Improve system monitoring practices and response times. It typically takes a few days to go from the first warning signs to an actual thermal event. Improving the criteria for alarms related to warning signs can help reduce the risk of fire. Additionally, improving response time once early warning signs are detected is also a key factor. The challenge with this solution is relying more heavily on O&M providers that are monitoring hundreds or thousands of systems simultaneously and the inherent inertia of changing engrained business practices.
Consider UL 3741 certified equipment that provides a path to eliminate MLPE. The new certification has its own pros and cons when compared to current solutions. For example, when a system is contiguous, and the inverter can be placed within the array boundary, with certain UL 3741 certified systems, MLPE is not necessary, thus eliminating additional components and connections. However, due to the recent publication of the standard, there are currently few solutions in the market that have been certified.
Current rapid shutdown solutions still have their place with large, distributed arrays when a contiguous design is not possible. However, this evolution in the code and industry provides an opportunity to revisit safety provisions originally proposed by rapid shutdown requirements.

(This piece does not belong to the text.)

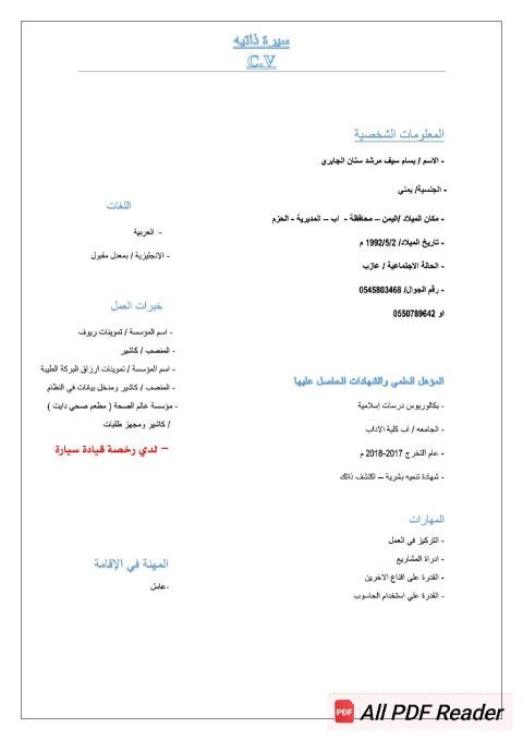 مهندس ميكانيكا (Sinoer mechanical engineer) خريج 2013م، موجود بالمملكة منذ العام 2017 عملت مهندس صيانة وتشغيل وتركيب وتوريد لفترات، وأيضا رئيس للأعمال الميكانيكيه (صرف + تغذية + حريق + تكييف + مصاعد) لفترات، ولدي اعتماد من شركة المياه الوطنية NWC ومن شركة تطوير المباني TBC إقامة سارية، تصنيف في هيئة المهندسين (محترف ساري الصلاحية) متاح نقل كفالة، ابحث عن فرصة عمل في شركة محترمة وملتزمه وطموحه

The issues we face in the U.S. are not unique. Other countries also face similar challenges. One example is the dc isolator requirement on rooftop systems in Australia that was introduced in 2012 to make systems safer. However, the equipment was prone to water intrusion and often led to fires when the dc contacts were submerged. Fire and Rescue New South Whales’ statistics showed solar PV related fires increased five-fold in the ensuing five years, many attributed to failing dc isolator switches.
The requirement was eventually dropped in late 2021. This highlights the importance of understanding the potential risks and unintended consequences that come with new standards and regulations.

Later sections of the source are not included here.